The men turned and looked out the window. “Hell of a building,” one said. “Detailing is fantastic. Must have cost a fortune. You doing much with the Japanese now, Ron?”
“About twenty percent,” the other man said. “That’s way down from last year. It’s made me work on my golf game, because they always want to play golf.”
“Twenty percent of your business?”
“Yeah. They’re buying up Orange County now.”
“Of course. They already own Los Angeles,” one of the women said, laughing.
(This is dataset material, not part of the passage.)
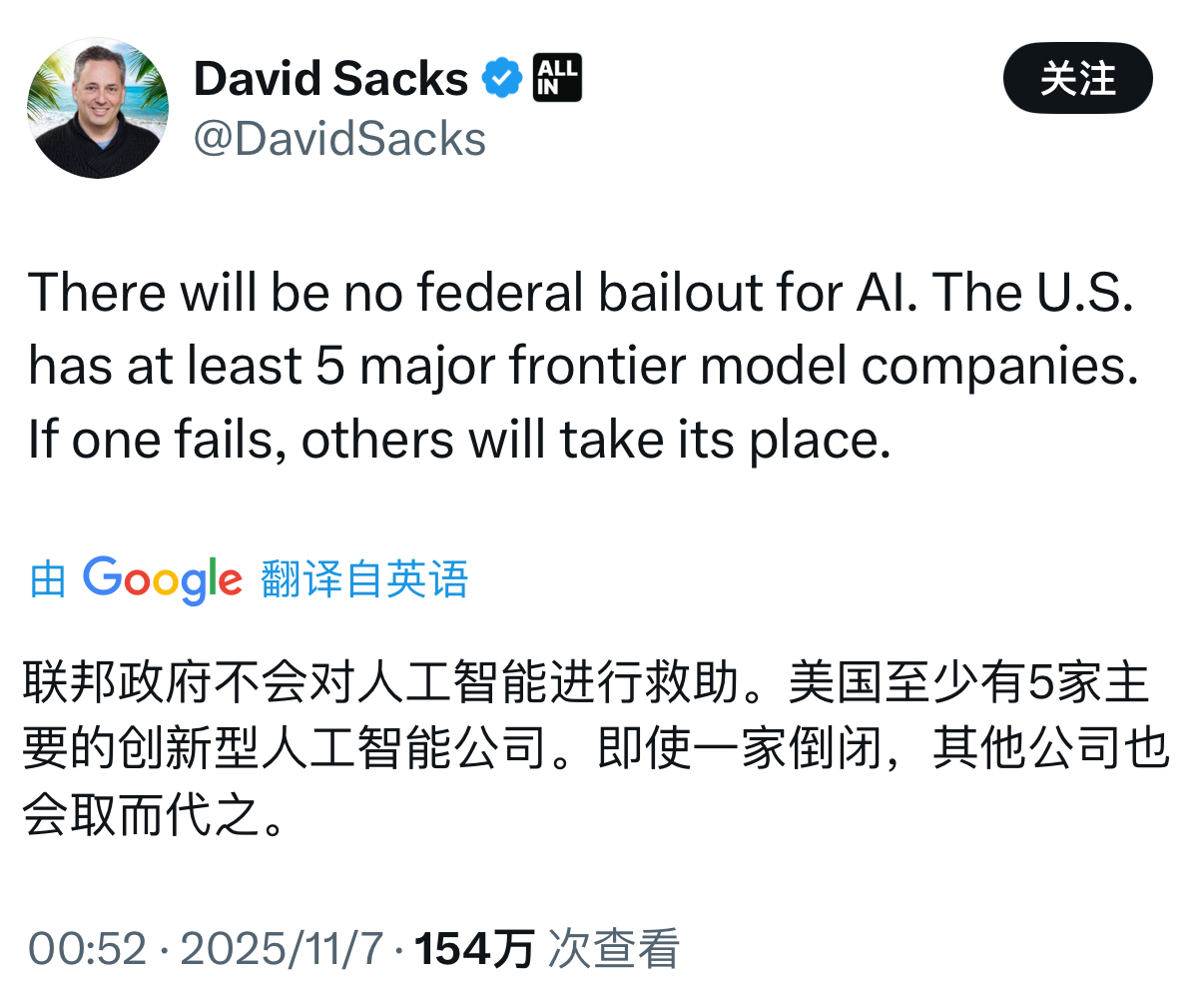 事件愈演愈烈后,美国政府的AI顾问David Sacks在社媒上回应称,美国至少有5家主要前沿AI模型公司,如果一家倒闭,其他公司将取而代之。

“Well, just about. They have the Arco building over there,” the man said, pointing out the window. “I guess by now they have seventy, seventy-five percent of downtown Los Angeles.”
“And more in Hawaii.”
“Hell, they own Hawaii—ninety percent of Honolulu, a hundred percent of the Kona coast. Putting up golf courses like mad.”
One woman said, “Will this party be on ET tomorrow? They had enough cameras here.”
“Let’s remember to watch.”
The elevator said, “Mōsugu de gozaimasu.”
We came to the garage floor, and the people got off. Connor watched them go, and shook his head. “In no other country in the world,” he said, “would you hear people calmly discussing the fact that their cities and states were sold to foreigners.”
“Discussing?” I said. “They’re the ones doing the selling.”
“Yes. Americans are eager to sell. It amazes the Japanese. They think we’re committing economic suicide. And of course they’re right.” As he spoke, Connor pressed a button on the elevator panel marked EMERGENCY ONLY.
A soft pinging alarm sounded.
“What’d you do that for?”
Connor looked at a video camera mounted in the corner of the ceiling and waved cheerfully. A voice on the intercom said, “Good evening, officers. Can I help you?”
“Yes,” Connor said. “Am I speaking to building security?”
“That’s right, sir. Is something wrong with your elevator?”
“Where are you located?”
“We’re on the lobby level, southeast corner, behind the elevators.”
“Thank you very much,” Connor said. He pushed the button for the lobby.